Os mesmos estudos revelam claramente que as políticas de austeridade buscam cumprir orientações dos fundos investidores. Revelam também que eles são ainda mais nocivos quando os países assinaram acordo com o FMI. No Brasil, além do interesse imediato de investidores financeiros, os anúncios do governo golpista tem o outro objetivo: destruir qualquer perspectiva de um sistema público universal, para abrir e desregulamentar este grande mercado para o setor privado.

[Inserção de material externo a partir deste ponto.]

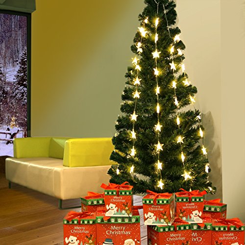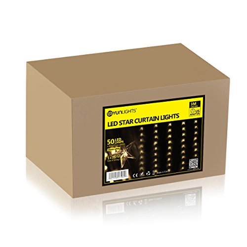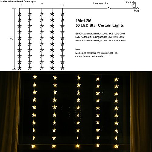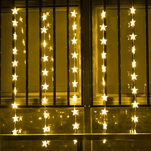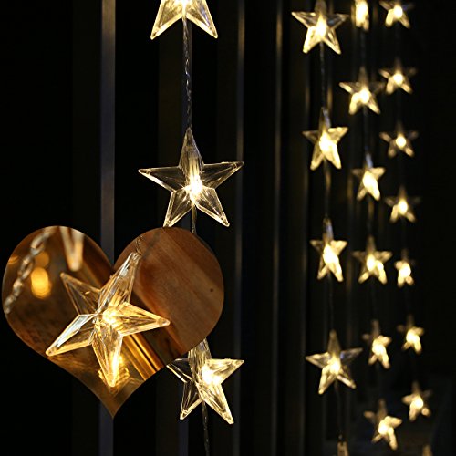 Star Curtain Lights, LEORX 50 LED 4ft Window Curtain Lights Waterproof for New Year Wedding Home Garden Indoor Outdoor, Warm White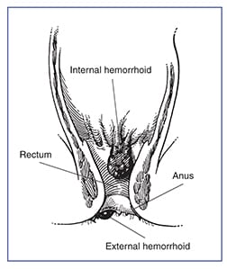 Hemorrhoids are swollen and inflamed veins around the anus or in the lower rectum. The rectum is the last part of the large intestine leading to the anus. The anus is the opening at the end of the digestive tract where bowel contents leave the body.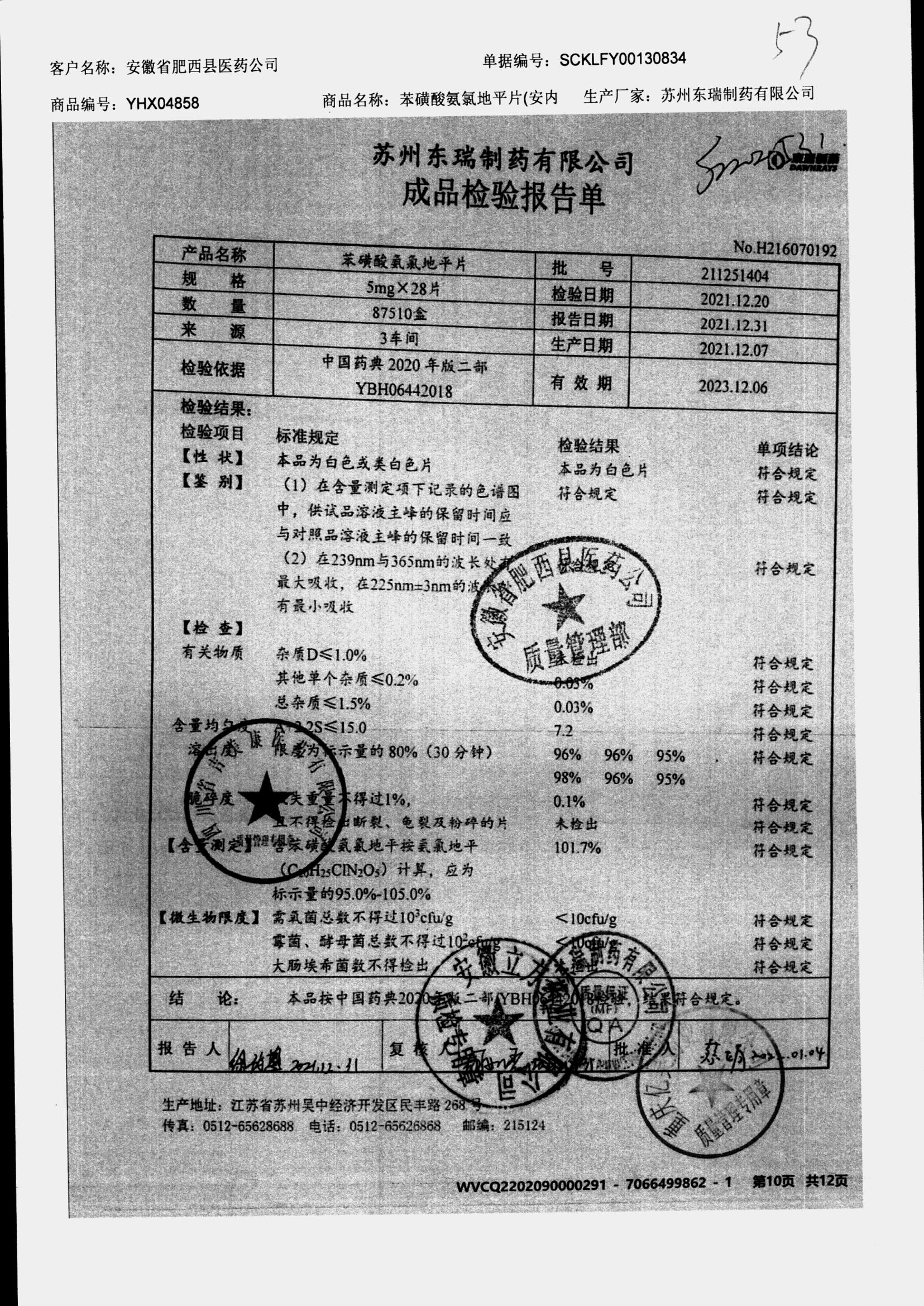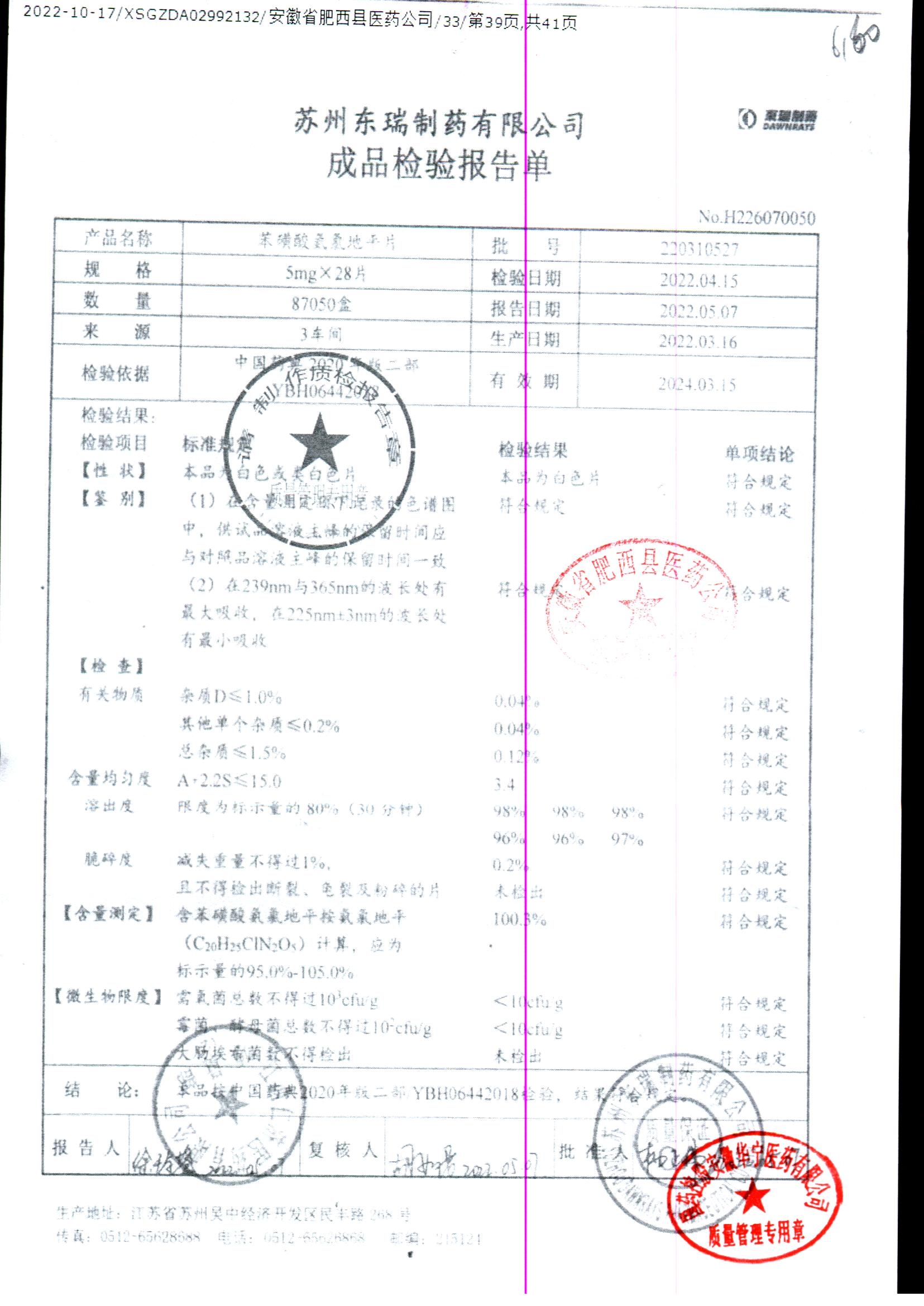 苯磺酸氨氯地平片 | 5mg*28片 | 220310525 | 查看详情 |

Não à toa o coquetel de cortes prevê o congelamento dos investimentos por 20 anos e redução no controle sobre planos de saúde. Medidas que contrariam inclusive as recomendações da OMS/ONU, que em 2009, em resposta as medidas desastrosas em vários países, propôs preservar o investimento em saúde, proteger renda, fortalecer a atenção primaria por estar aberta à vulnerabilidade e gerar eficiência.
Tudo isso reforça que temos que resistir de todas as formas. Tá bonito ver a energia e vontade de luta que ocupa as ruas crescendo a cada dia, inclusive com enfrentamento à bárbara atuação da PM. Todo poder às ruas. Mas é importante também aumentarmos o tom da defesa em todos espaços institucionais. Aqui na Prefeitura de São Paulo demos mais um passo, com um projeto de lei que aumenta em 33% o percentual obrigatório de recursos para a Saude no município. Enquanto o golpe desvincula recursos públicos, nós aumentamos. A luta é todo dia e todas as formas!
*Alexandre Padilha é médico e secretário municipal da Saúde de São Paulo. Foi ministro da Saúde no Governo Dilma e das Relações Institucionais no Governo Lula.